■ GIVEN MATERIAL ■
◇ ◇ ◇ ◇ ◇

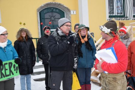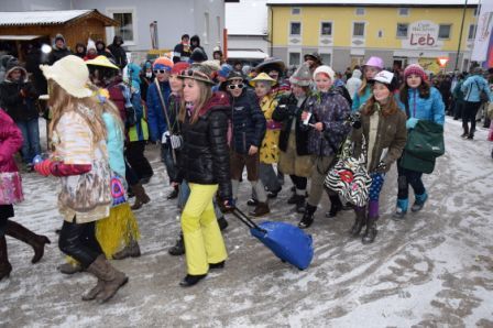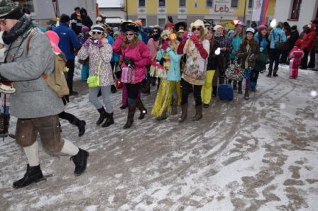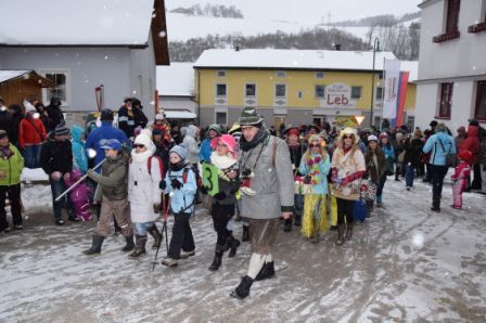 Den Auftakt bildete nicht ein Maskenzug sondern ein Schneesturm. Als sich dieser aber nach wenigen Minuten verzog, waren die Narren und Masken am Wort. Vom Kindergartenkind bis zum Senior war alles vertreten: Dirndelinos, Schienenersatzverkehr, Himmelstreppe, Die Ötscher:Länder , Wanderer aus dem Pielachtal und Ötscherland, Kaiser Leopold, das Englische Königshaus, Dirndlkönig aus der Boding, De Schlofhaubn, die Faulen Säcke, Weißenburg, Wildgehegen, Mafiakapelle, Urlaub am Bauernhof, Wüdhorn, Die Kraft am Land, Tanzen, Almhaus Eibeck, Hippiechor, Sträflinge, G´mahde Wiesn, Faschingspolizei und und und…
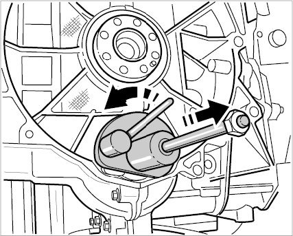 ^ Remove bearing cover using special tool puller 9673. If this is not available, lever the bearing cover out carefully with two screwdrivers so as not to damage the sealing surfaces. Turning several times to the left and right loosens the bearing cover.
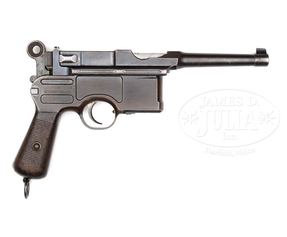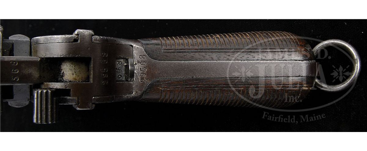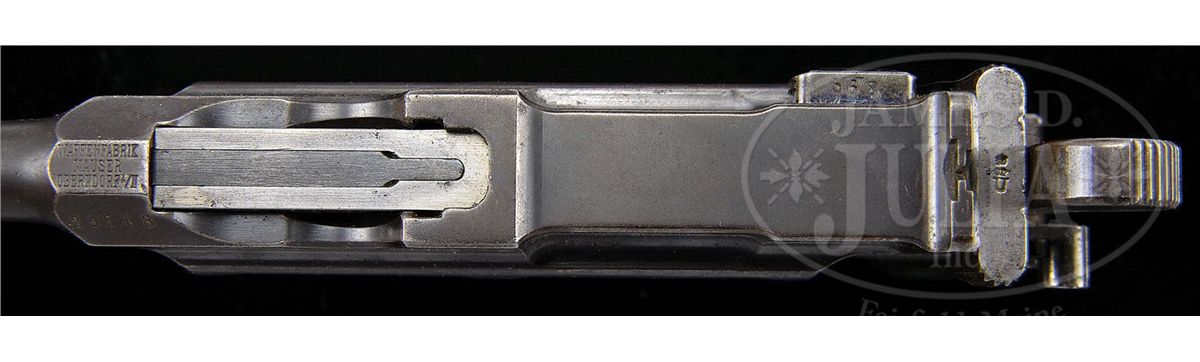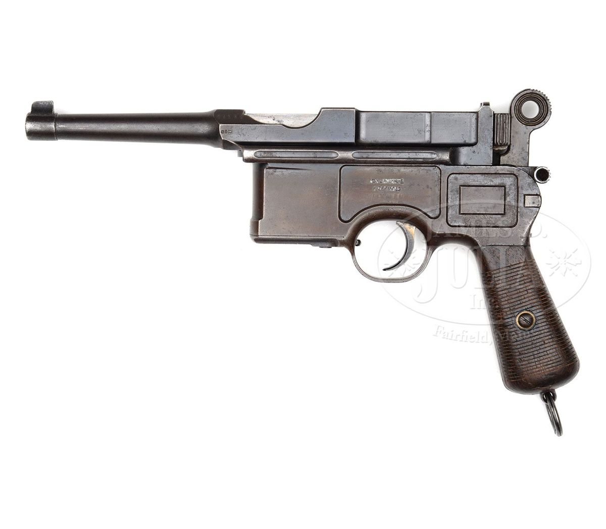 SN 29568. Caliber 7.63mm. Very unusual Large Ring six shot with 4" bbl and fixed rear sight. Crown U marked on the left side of the chamber flat and antler proofed on the right side. Long extractor and large ring hammer. Single lug firing pin. Standard two-line address on the right side of the frame. Imported by Von Lengerke & Detmold as marked on the right side of the frame. Thin backstrap which was never slotted for a stock. Small parts fire blued with a strawed trigger. Standard walnut grips. All matching numbers on disassembly. PROVENANCE: Joseph J. Schroeder, Jr. Collection. CONDITION: Original condition with moderate oxidation. Brown toning of most of the bbl and frame with light pitting of the left frame around the rearmost recessed panel. Fire blue has largely faded from the extractor and bolt stop and most of the straw has faded from the trigger. Generally bright bore with shallow rifling. Perfect mechanics. One of the more unusual Large Ring six shots that was never slotted for a shoulder stock. 4-48563 LMA4

◇ ◇ ◇ ◇ ◇

■ YOUR TASK ■
Would you output the data exactly, without any of its images?

■ FINAL ANSWER ■
 Den Auftakt bildete nicht ein Maskenzug sondern ein Schneesturm. Als sich dieser aber nach wenigen Minuten verzog, waren die Narren und Masken am Wort. Vom Kindergartenkind bis zum Senior war alles vertreten: Dirndelinos, Schienenersatzverkehr, Himmelstreppe, Die Ötscher:Länder , Wanderer aus dem Pielachtal und Ötscherland, Kaiser Leopold, das Englische Königshaus, Dirndlkönig aus der Boding, De Schlofhaubn, die Faulen Säcke, Weißenburg, Wildgehegen, Mafiakapelle, Urlaub am Bauernhof, Wüdhorn, Die Kraft am Land, Tanzen, Almhaus Eibeck, Hippiechor, Sträflinge, G´mahde Wiesn, Faschingspolizei und und und…
 ^ Remove bearing cover using special tool puller 9673. If this is not available, lever the bearing cover out carefully with two screwdrivers so as not to damage the sealing surfaces. Turning several times to the left and right loosens the bearing cover.
 SN 29568. Caliber 7.63mm. Very unusual Large Ring six shot with 4" bbl and fixed rear sight. Crown U marked on the left side of the chamber flat and antler proofed on the right side. Long extractor and large ring hammer. Single lug firing pin. Standard two-line address on the right side of the frame. Imported by Von Lengerke & Detmold as marked on the right side of the frame. Thin backstrap which was never slotted for a stock. Small parts fire blued with a strawed trigger. Standard walnut grips. All matching numbers on disassembly. PROVENANCE: Joseph J. Schroeder, Jr. Collection. CONDITION: Original condition with moderate oxidation. Brown toning of most of the bbl and frame with light pitting of the left frame around the rearmost recessed panel. Fire blue has largely faded from the extractor and bolt stop and most of the straw has faded from the trigger. Generally bright bore with shallow rifling. Perfect mechanics. One of the more unusual Large Ring six shots that was never slotted for a shoulder stock. 4-48563 LMA4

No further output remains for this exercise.